Queer Companions
- Author: Omar Kasmani
- Published: 2022 (U.S.)
- Publisher: Duke University Press
- Pages: 224
- Awards: Ruth Benedict Prize (2023)
- ISBN: 978-1-4780-2265-7

= Queer Companions =

2022 book

Queer Companions: Religion, Public Intimacy, and Saintly Affects in Pakistan is a 2022 enthnographic book by Omar Kasmani, published by Duke University Press. The work profiles six individuals who are ascetic fakirs at the shrine of Lal Shahbaz Qalandar in Shewan, Sindh, Pakistan. Kasmani suggests that these individuals are "queer" in the sense that their lifestyles do not conform to the expected norms of the Pakistani middle class. The individuals' "intimacy" with Lal Shahbaz Qalandar is explored in relation to power structures, including those of the Pakistani state.

Kasmani carried out the ethnographic research which the book is based on between 2009 and 2018.

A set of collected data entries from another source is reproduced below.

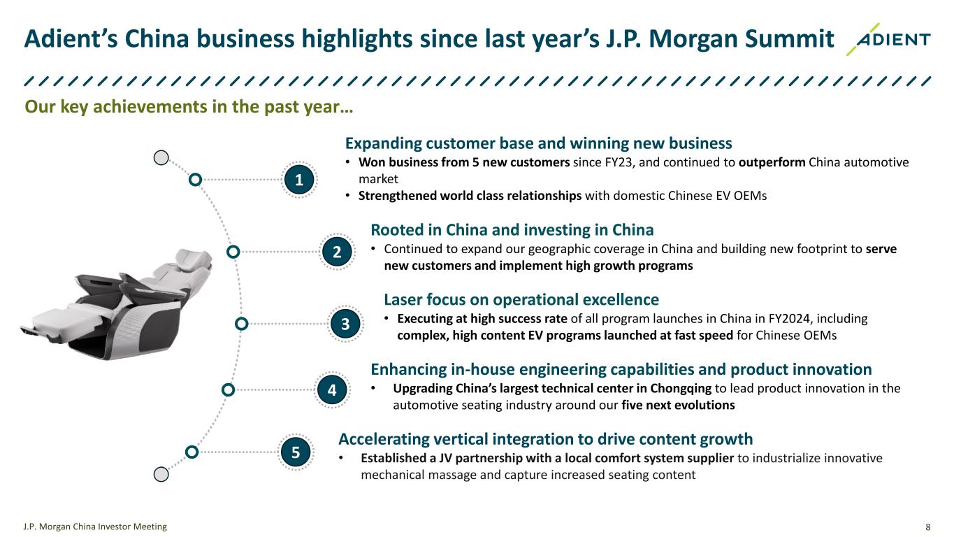 7 Adient China: Growth engine continues to accelerate ~$4.6B business (program lifetime) sourced in FY23 Forecast volume growth CAGR of 10% over the next 5 years Top 3 player in China by market share Strong execution and profitability in China J.P. Morgan China Investor Meeting
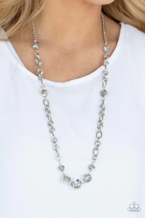 Prismatic Pick-Me-Up - Silver Metallic Bead Long Necklace - Paparazzi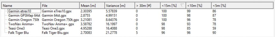 Betrachtet man nur die mittlere Abweichnung (Mean), kommt das Falk Tiger Blu dem eTrex 10 mit nur 2,7 Metern mittlerer Abweichung erstaunlich nahe. Sogar 90 Prozent der Trackpunkte sind genauer als 5 Meter. Schaut man sich den Track des Tiger Blu jedoch auf der Karte an, sieht man sofort einen extremen Ausreißer von einigen hundert Metern, welcher unter schwierigen Empfangsbedingungen aufgetreten ist (nahe der Hauswand, starke Abschattung). Solche Ausreißer sind fatal, da sie die Tracklänge massiv verfälschen. Unter schwierigen Empfangsbedingungen und kurz vor dem Signalverlust sorgt normalweise ein Filter dafür, dass solche Sprünge nicht im Track aufgezeichnet werden. Der Filter des Tiger Blu scheint wenig zuverlässig mit solchen Bedingungen umzugehen. Aber auch im Bereich der Kernwende (ganz im Nordwesten des Tracks) fehlen dem Track knapp 100 Meter. Von den beiden schwerwiegenden Fehlern abgesehen, ist der Falk Tiger Blu Track sehr ordentlich, was auf eine gute Hardware schließen lässt, die leider von der Software öfters im Stich gelassen wird.

The book received the 2023 Ruth Benedict Prize.

== Reception ==
The book was received positively. Jessica Vantine Birkenholtz, for Pacific Affairs, called the work "a beautifully written and theoretically innovative ethnography of fakir lives and longing, of public intimacy and futurity". Hafsa Arain wrote in Anthropological Quarterly, "This work dares to look at the parts of South Asian Islam that are rarely afforded scholarly attention, especially as its entanglements with Hinduism, unique ritual elements, and the many varied paths of fakir ascetic lives...under scrutiny from orthopraxic Muslims and...nationalist religious paradigms". Katherine Pratt Ewing wrote in the Journal of Anthropological Research, "it is an important ethnography of South Asian Sufi shrines that engages with key strands of recent anthropological theory"; however, she also noted that Kasmani's use of "queer" in the book's context "is also conceptually confining since it posits a normative world that these fakirs are resisting".